Our computation of these non-GAAP measures is likely to differ from the methods used by other companies in computing similarly titled or defined terms. Non-GAAP measures have limitations as analytical tools and should be considered in addition to, not in isolation or as a substitute for, or superior to, our measures of financial performance prepared in accordance with GAAP, including pre-tax income (loss) and net income (loss) attributable to Aleris International, Inc. Investors are encouraged to review the accompanying tables reconciling Adjusted EBITDA, segment Adjusted EBITDA and commercial margin to comparable GAAP amounts. Management uses Adjusted EBITDA and segment Adjusted EBITDA as a performance metric and believes the measure provides additional information commonly used by parties to our revolving credit facility and holders of our 7 5/8% senior notes in understanding the Company's operating results and the ongoing performance of our underlying businesses. In addition, Adjusted EBITDA, including the impacts of metal price lag, is a component of certain covenants under the revolving credit facility and EBITDA, with certain adjustments, is a component of certain covenants under the indenture governing our 7 5/8% senior notes. Management also uses commercial margin as a performance metric and believes that it provides useful information regarding the performance of our segments because it measures the price at which we sell our aluminum products above the hedged cost of metal and the effects of metal price lag, thereby reflecting the value-added components of our commercial activities independent of aluminum prices which we cannot control.

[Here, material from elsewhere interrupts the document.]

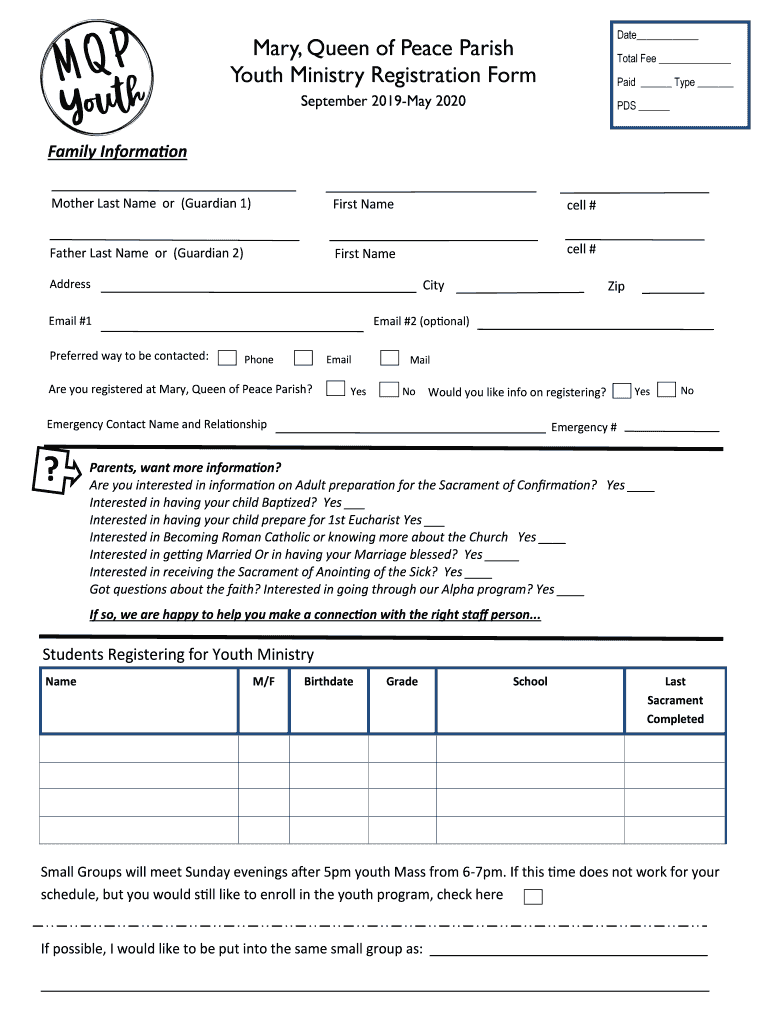 Date Mary, Queen of Peace Parish Youth Ministry Registration Formal Fee Paid Type September 2019May 2020PDS Family Information Mother Last Name or (Guardian 1)First Name cell #Father Last Name or

Aleris is a privately-held, global leader in aluminum rolled products and extrusions, aluminum recycling and specification alloy production. Headquartered in Cleveland, Ohio, Aleris operates 41 production facilities in North America, Europe and Asia. For more information, visit www.aleris.com.
The information disclosed in this press release is believed by Aleris to be accurate as of the date hereof. Aleris expressly disclaims any duty to update the information contained in this press release. Persons engaging in any transactions with Aleris or in Aleris's securities are cautioned that there may exist other material information regarding Aleris that is not publicly available.